Магия и банды Токио
Шрифт:
Сложно не заметить, когда парень тяжело дышит в затылок и тесно прижимает к себе. Но я все же сохранил минимум приличий: выражения лица она видеть не могла, а именно сделать я ничего толком не успел. Как бы ни пришлась ее невинная мордашка мне по душе, а держать непонятное существо так близко к себе оставалось форменным безумием.
Потому что она уже успела притвориться и журавлем, и парнем, пусть последнее только засчет более коротких волос и мужской формы. Потому что Цуру могла менять обличья, а значит не являлась человеком. Потому что так шептал мне собственный глас рассудка.
К тому же, я вспомнил о так называемых
Впрочем, никакой агрессии спасенная мной девушка не выказывала. Скорее наоборот. Будучи поставленной на землю, Цуру как-то сразу съежилась, втянула голову, обняла себя за плечи в защитном жесте. Неудивительно, на самом деле. Мое лицо сейчас являлось довольно выразительным.
Доброжелательность на нем не прослеживалась даже случайно. Вместо нее на дежурство заступили подозрительность, холодность, скрытая угроза. Особенно характерными в такие моменты становились мои серые бельма. Прямо как грозовые тучи. По крайней мере, в зеркале они виделись именно так.
На лице Цуру отразились обида и непонимание. Ее глаза повлажнели, словно она едва сдерживалась, чтобы не заплакать. Дрогнули изящные плечики, нахмурились соболиные брови. Ну нет, меня теперь на мякине не проведешь! Не в тот момент, когда я смог задавить в себе половой инстинкт. Пусть и ненадолго.

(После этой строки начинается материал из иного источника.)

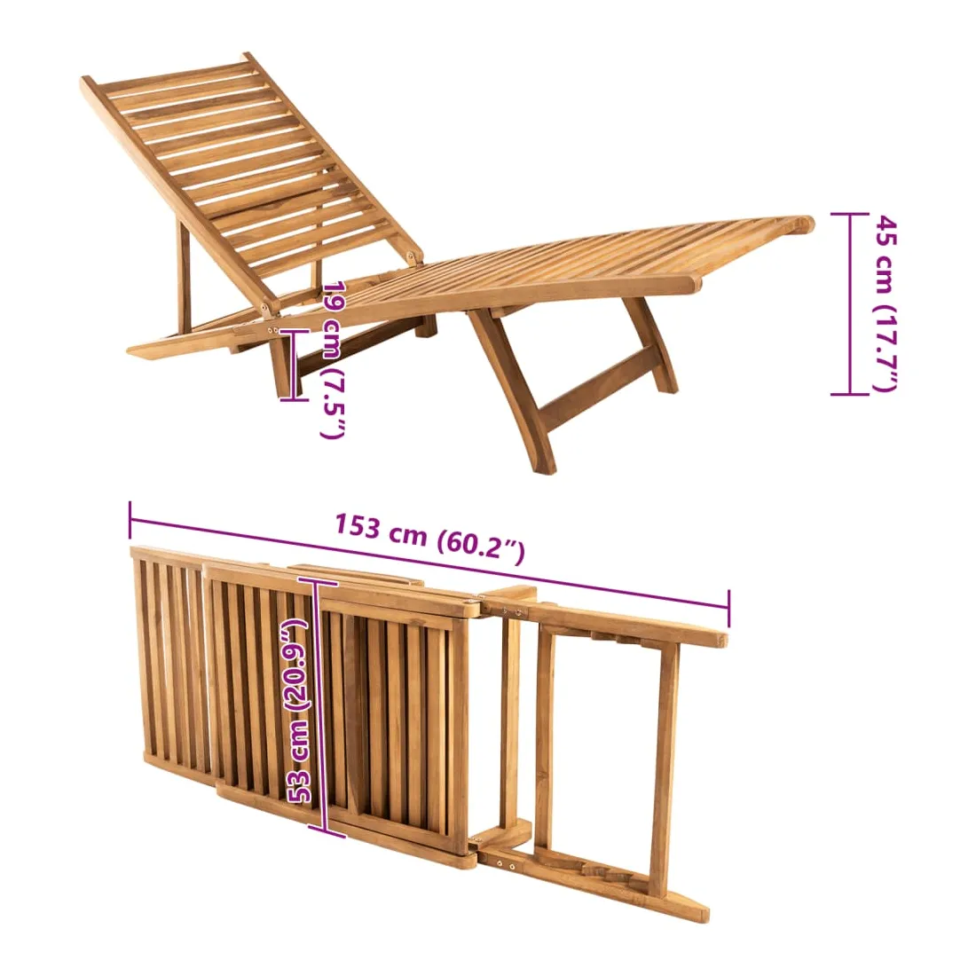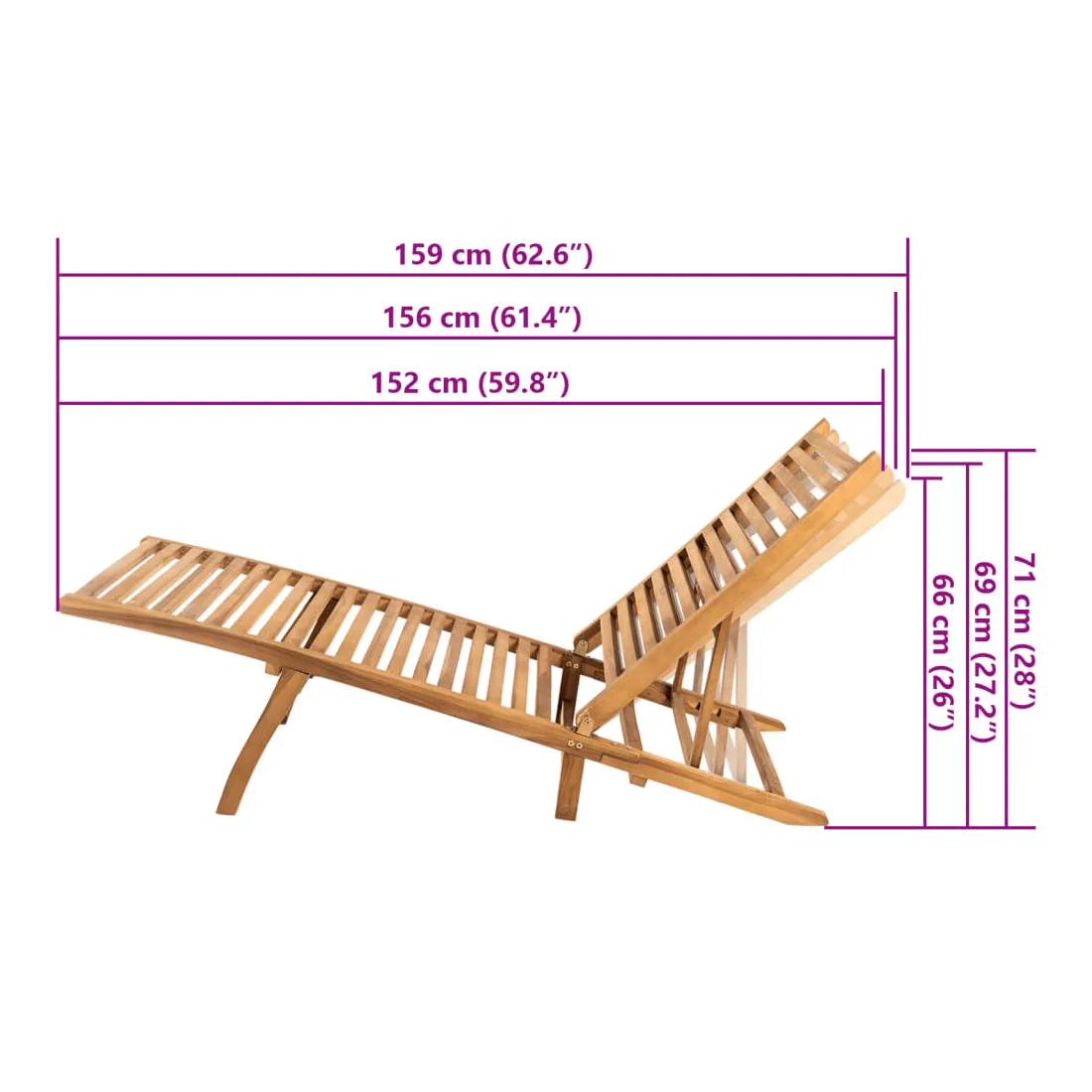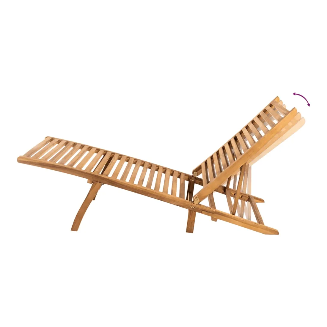 Cette chaise longue en bois, dotée d’un dossier réglable, ajoute une touche de charme rustique à votre jardin ou à tout espace extérieur. Fabriquée en bois dur de teck extrêmement durable, cette pièce de meuble en teck a été chevronnée, séchée au four puis finement poncée pour lui donner un aspect très lisse. Le bois de teck est connu pour sa résistance exceptionnelle aux intempéries, ce qui le rend bien plus adapté aux meubles de jardin que tout autre type de bois. Le bois de teck est le choix idéal si vous souhaitez acheter un meuble de jardin durable. La chaise longue a une position réglable pour que vous puissiez toujours trouver la position appropriée. De plus, la chaise longue peut être pliée pour économiser de l’espace. Remarque : afin de prolonger la durée de vie des meubles d'extérieur, nous vous recommandons de les protéger avec une housse imperméable.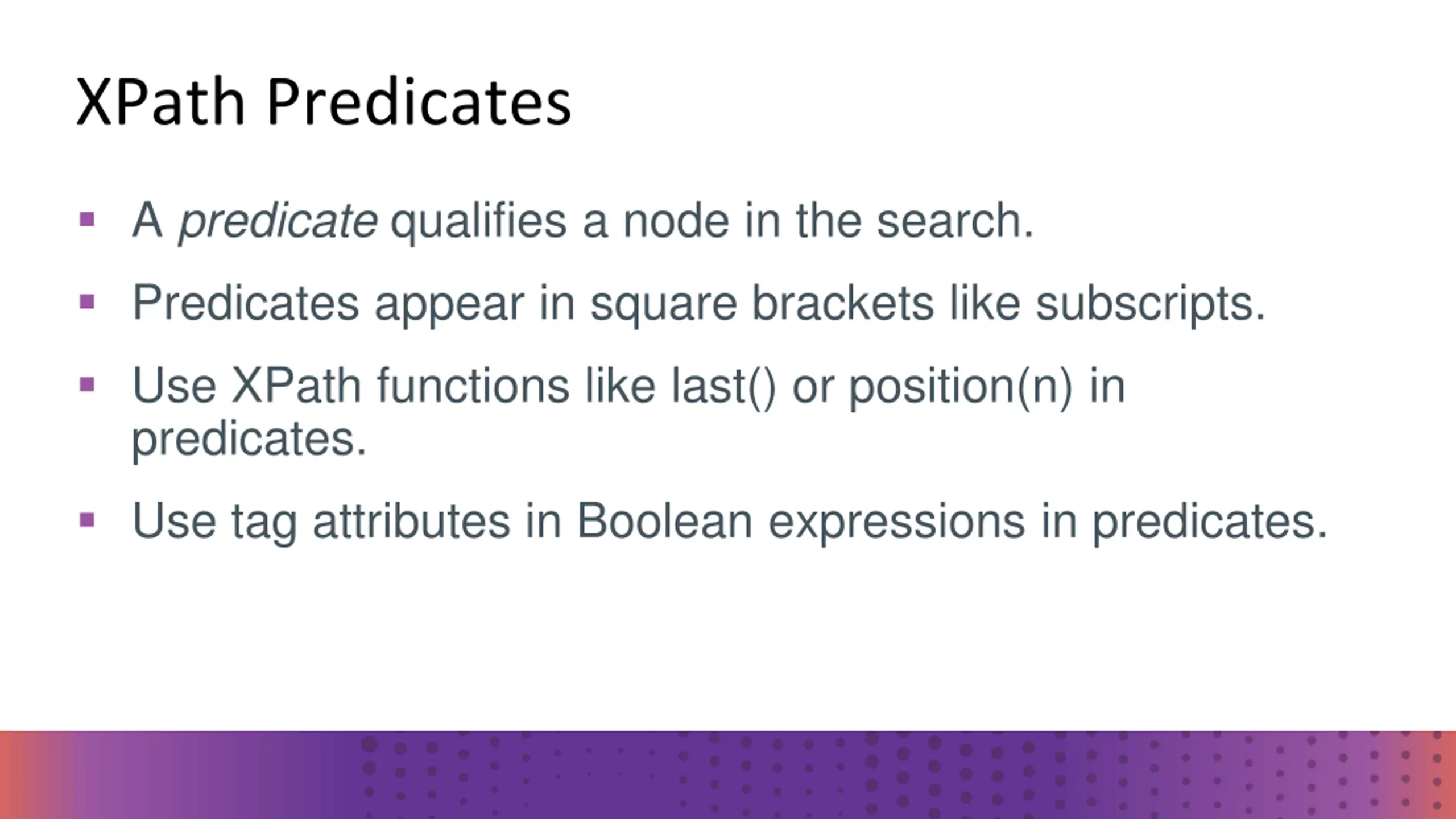 XPath Predicates A predicate qualifies a node in the search. Predicates appear in square brackets like subscripts. Use XPath functions like last() or position(n) in predicates. Use tag attributes in Boolean expressions in predicates.

— Кто ты такая? — Теплоты в моем голосе не хватило бы даже для растопки пары-тройки снежинок, — Кто тебя послал? Зачем ты меня соблазнила? Чтобы убить?
Губы девушки задрожали от обиды. Она бросила на меня беспомощный взгляд, махнула своими пушистыми ресницами, машинально переступила с ноги на ногу… А потом вдруг охнула и осела на землю, держась за бок. Я бы мог назвать это игрой, но нет: в обличье журавля там как раз располагалась самая серьезная рана из всех. Она не играла, уверен. Или весь мой опыт в людских отношениях можно выкидывать на помойку. Вот только жалости или сочувствия я не испытал. Не в такой мутной ситуации.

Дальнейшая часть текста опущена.